One microgram of total RNA was utilized as template in a 20 µl reverse transcriptase reaction. 2.5% of the cDNA was used for each real-time PCR reaction. Real-time PCR reactions were carried out on an Eppendorf Mastercycler ep Realplex4 real-time PCR system using Power SYBR® Green PCR Master Mix (ABI). The same reverse primers were used in both RT and real-time PCR. Each measurement was carried out in triplicates in a standard 3-step PCR reaction. Absolute quantification was performed using Realplex 2.0 software. Data were calculated according to the ΔCt method. The same procedure was used for quantitative real-time RT–PCR analyisis of total SMN from transgenic mouse tissue. Primers used were GAPDH forward AATGTGCCGTCGTGGATCTGA and reverse GATGCCTGCTTCACCACCTTCT as a control. SMN human-specific primers SMN hsa forward AAGCCCAAATCTGCTCCATGGAAC and reverse TGGCTTTCCTGGTCCCAGTCTT were used as well as mouse SMN-specific primers SMN mmu forward TGCTCCGTGGACCTCATTTCTT and reverse TGGCTTTCCTGGTCCTAATCCTGA.

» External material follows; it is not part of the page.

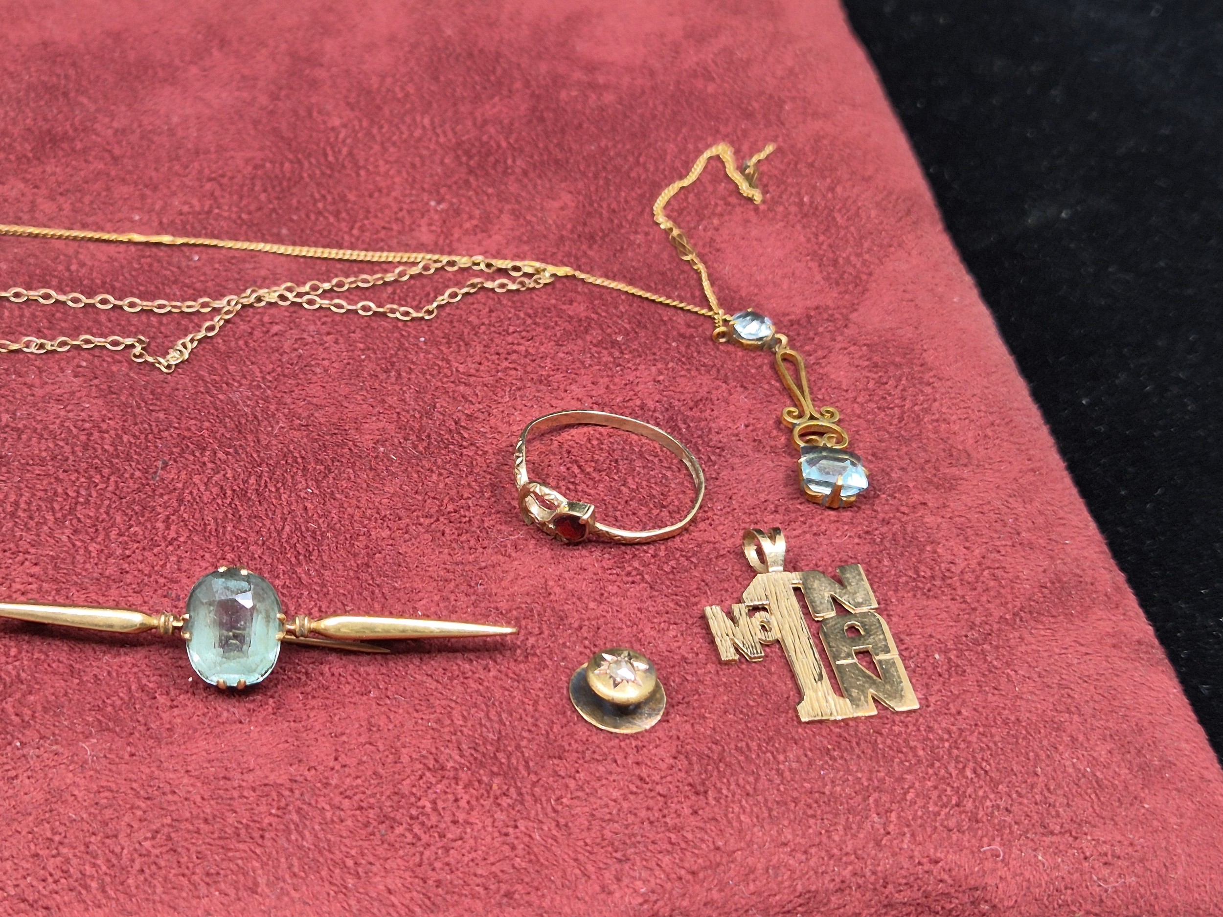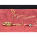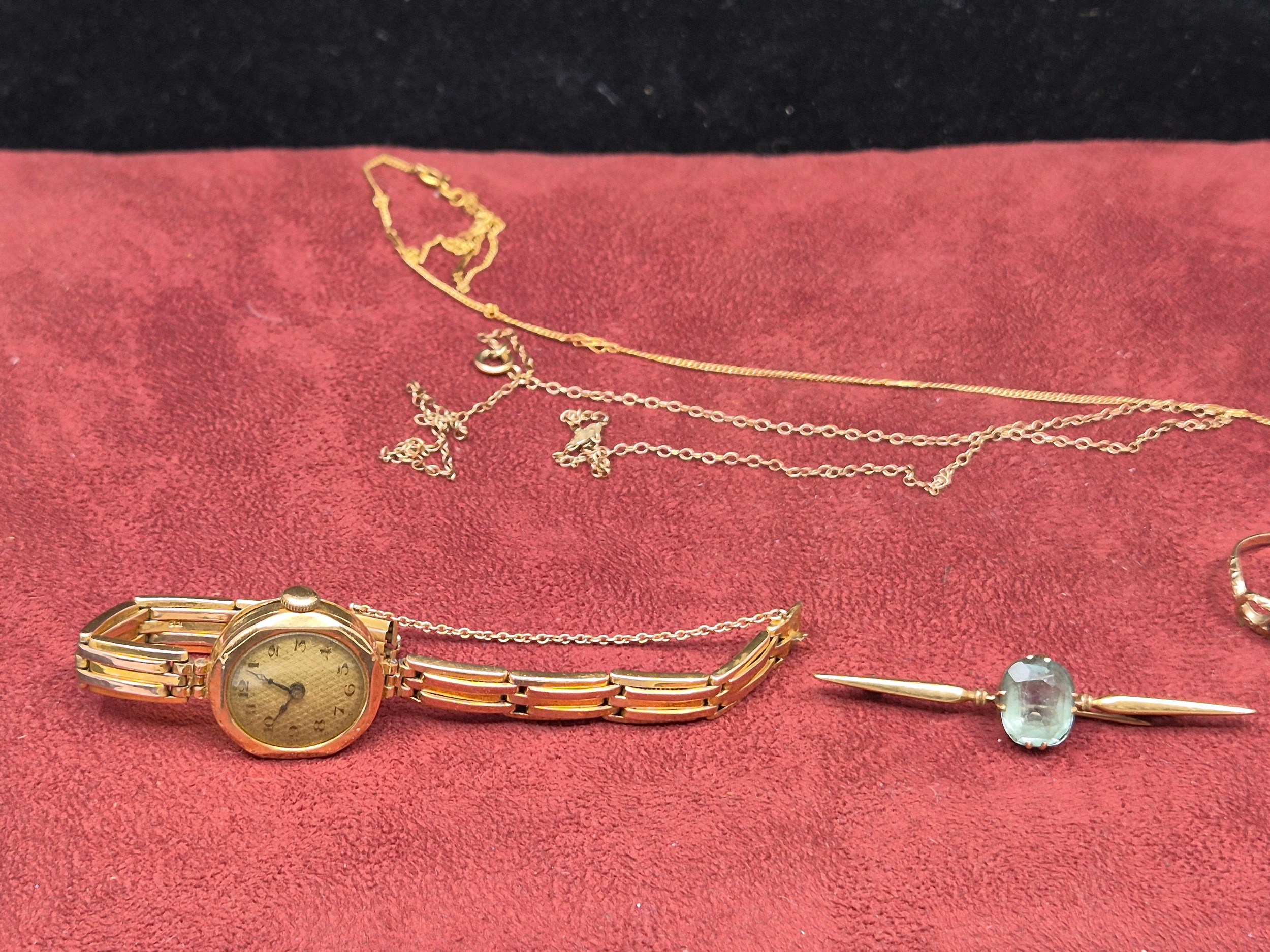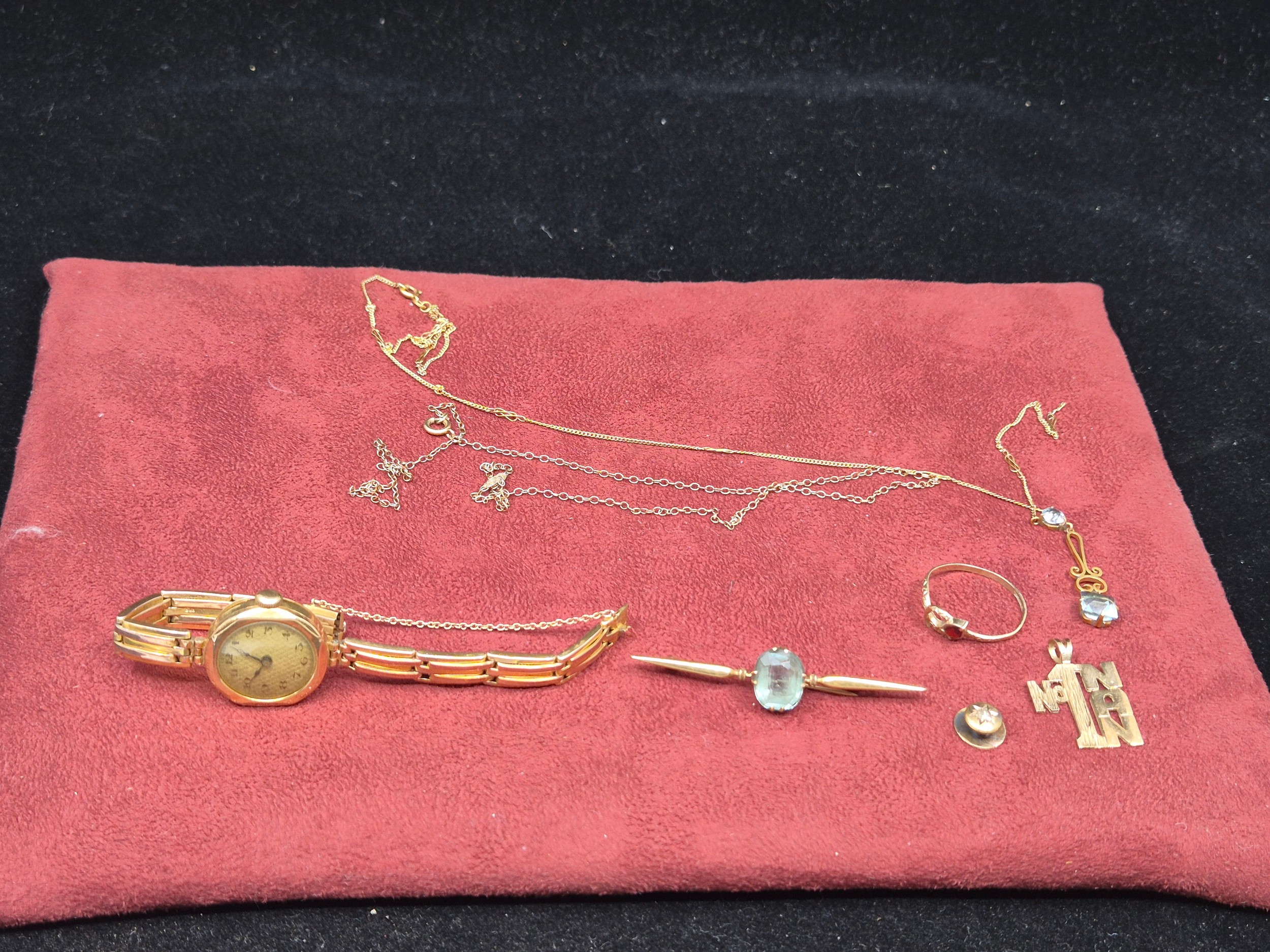 Mixed Lot of 9ct Gold Jewellery to include 9ct Cased and Strap Ladies Watch (14.4g) , Various other 9ct Jewellery (6.5g) and a 15ct Gold Brooch & Stud (4.6g)

Injections were performed as previously described (51).
Gastrocnemius muscles from 6-month-old animals were sectioned at 12 µm and stained with hematoxylin and eosin as previously described (35). Root counts were done on spinal cords of 6-month-old mice as previously described (73). Immunofluorescence was performed on 8 µm spinal cord sections of 6-month-old adult mice as described (73).
Survival curves (Kaplan–Meier) and statistical analysis was carried out with SPSS v16 (SPSS, Inc.). Kaplan–Meier analysis was done using the log rank method. Muscle fiber size medians were tested using the Wilcoxon Mann–Whitney and two-sample Kolmogorov–Smirnov test. Survival statistics of mouse crosses were obtained with χ2 distributions.
This work was supported by NIH grant NS038650, the SMA Angels and the Madison Fund to A.H.M.B. Transgenic creation was supplemented by grant P30NS04578. Zebrafish work was supported by NIH grant NS050414 to C.E.B. L.P. is supported by grants from the SMA Foundation and the Motor Neuron Center of Columbia University. C.L. is supported by the SMA Foundation.
The authors thank Dr Matthew E.R. Butchbach for assistance with tissue preparation, Dr Jill Rafael-Fortney for the use of the SPOT software for analysis of microscope images and Dr Vicki McGovern for providing technical advice.
Conflict of Interest statement. None declared.